# Task objective:
What is wanted is every line below from the one with "Test Research, Inc." up to and including the one with "Guión moderno Minimalista", retyped exactly, pictures excluded, nothing else.

# Records for the exercise:
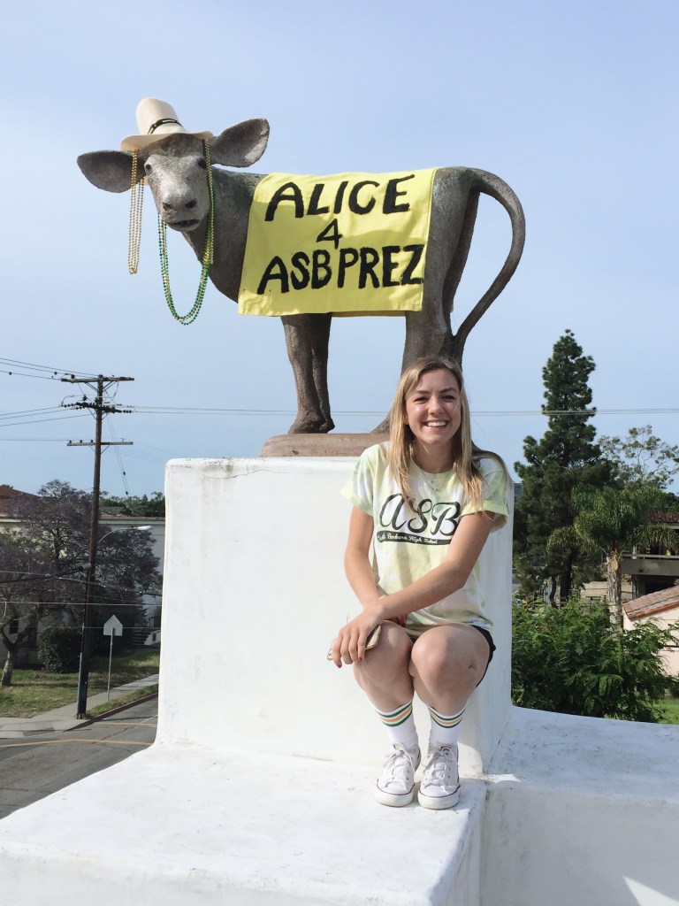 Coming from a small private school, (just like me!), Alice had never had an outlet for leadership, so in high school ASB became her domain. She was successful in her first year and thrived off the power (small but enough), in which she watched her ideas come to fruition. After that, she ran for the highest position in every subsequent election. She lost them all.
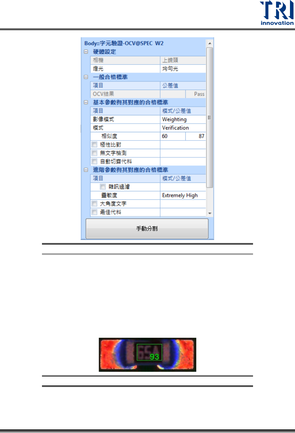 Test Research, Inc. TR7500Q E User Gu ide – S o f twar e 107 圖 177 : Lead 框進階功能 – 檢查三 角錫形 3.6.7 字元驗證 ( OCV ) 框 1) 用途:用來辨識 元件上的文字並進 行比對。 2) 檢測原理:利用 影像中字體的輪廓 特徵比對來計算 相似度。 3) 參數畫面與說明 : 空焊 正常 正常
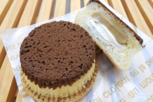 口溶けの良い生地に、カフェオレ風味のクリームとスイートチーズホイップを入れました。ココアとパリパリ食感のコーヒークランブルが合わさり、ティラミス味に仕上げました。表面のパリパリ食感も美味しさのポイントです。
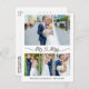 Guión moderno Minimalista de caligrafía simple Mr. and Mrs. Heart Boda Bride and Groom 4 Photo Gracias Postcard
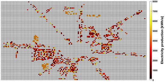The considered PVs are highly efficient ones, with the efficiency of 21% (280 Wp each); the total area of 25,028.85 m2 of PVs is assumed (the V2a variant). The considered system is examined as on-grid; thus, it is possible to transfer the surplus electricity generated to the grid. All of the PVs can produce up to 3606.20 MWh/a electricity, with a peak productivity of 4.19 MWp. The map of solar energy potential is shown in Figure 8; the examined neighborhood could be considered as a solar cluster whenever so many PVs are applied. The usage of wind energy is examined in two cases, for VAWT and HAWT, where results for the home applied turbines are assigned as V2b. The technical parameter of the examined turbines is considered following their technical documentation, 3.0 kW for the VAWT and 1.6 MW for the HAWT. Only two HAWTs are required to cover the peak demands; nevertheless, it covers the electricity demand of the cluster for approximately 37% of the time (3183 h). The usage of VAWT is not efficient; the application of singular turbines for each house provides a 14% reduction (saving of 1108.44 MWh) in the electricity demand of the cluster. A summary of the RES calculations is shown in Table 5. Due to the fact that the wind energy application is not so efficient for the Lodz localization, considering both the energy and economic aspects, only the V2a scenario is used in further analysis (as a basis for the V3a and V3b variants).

==

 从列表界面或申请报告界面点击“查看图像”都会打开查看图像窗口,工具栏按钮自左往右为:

* * *

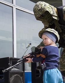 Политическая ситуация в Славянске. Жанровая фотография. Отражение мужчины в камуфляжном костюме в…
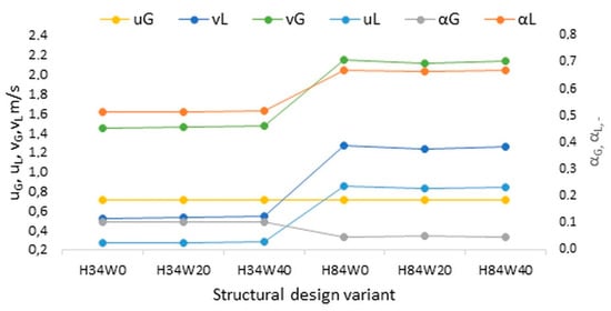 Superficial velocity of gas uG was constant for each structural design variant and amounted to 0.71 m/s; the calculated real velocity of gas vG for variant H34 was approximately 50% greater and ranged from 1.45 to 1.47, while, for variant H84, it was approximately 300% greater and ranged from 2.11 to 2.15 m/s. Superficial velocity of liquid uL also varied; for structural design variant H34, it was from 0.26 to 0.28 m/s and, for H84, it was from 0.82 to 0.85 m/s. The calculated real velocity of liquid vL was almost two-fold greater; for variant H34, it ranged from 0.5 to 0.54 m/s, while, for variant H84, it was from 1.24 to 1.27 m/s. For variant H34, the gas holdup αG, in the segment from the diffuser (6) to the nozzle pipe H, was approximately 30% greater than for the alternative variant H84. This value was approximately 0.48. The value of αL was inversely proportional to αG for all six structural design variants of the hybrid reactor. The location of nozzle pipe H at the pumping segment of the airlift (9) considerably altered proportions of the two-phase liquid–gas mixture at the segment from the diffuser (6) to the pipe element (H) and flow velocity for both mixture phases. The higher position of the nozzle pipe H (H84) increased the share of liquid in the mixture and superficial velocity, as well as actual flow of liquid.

# Finished exercise:
 Test Research, Inc. TR7500Q E User Gu ide – S o f twar e 107 圖 177 : Lead 框進階功能 – 檢查三 角錫形 3.6.7 字元驗證 ( OCV ) 框 1) 用途:用來辨識 元件上的文字並進 行比對。 2) 檢測原理:利用 影像中字體的輪廓 特徵比對來計算 相似度。 3) 參數畫面與說明 : 空焊 正常 正常
 口溶けの良い生地に、カフェオレ風味のクリームとスイートチーズホイップを入れました。ココアとパリパリ食感のコーヒークランブルが合わさり、ティラミス味に仕上げました。表面のパリパリ食感も美味しさのポイントです。
 Guión moderno Minimalista de caligrafía simple Mr. and Mrs. Heart Boda Bride and Groom 4 Photo Gracias Postcard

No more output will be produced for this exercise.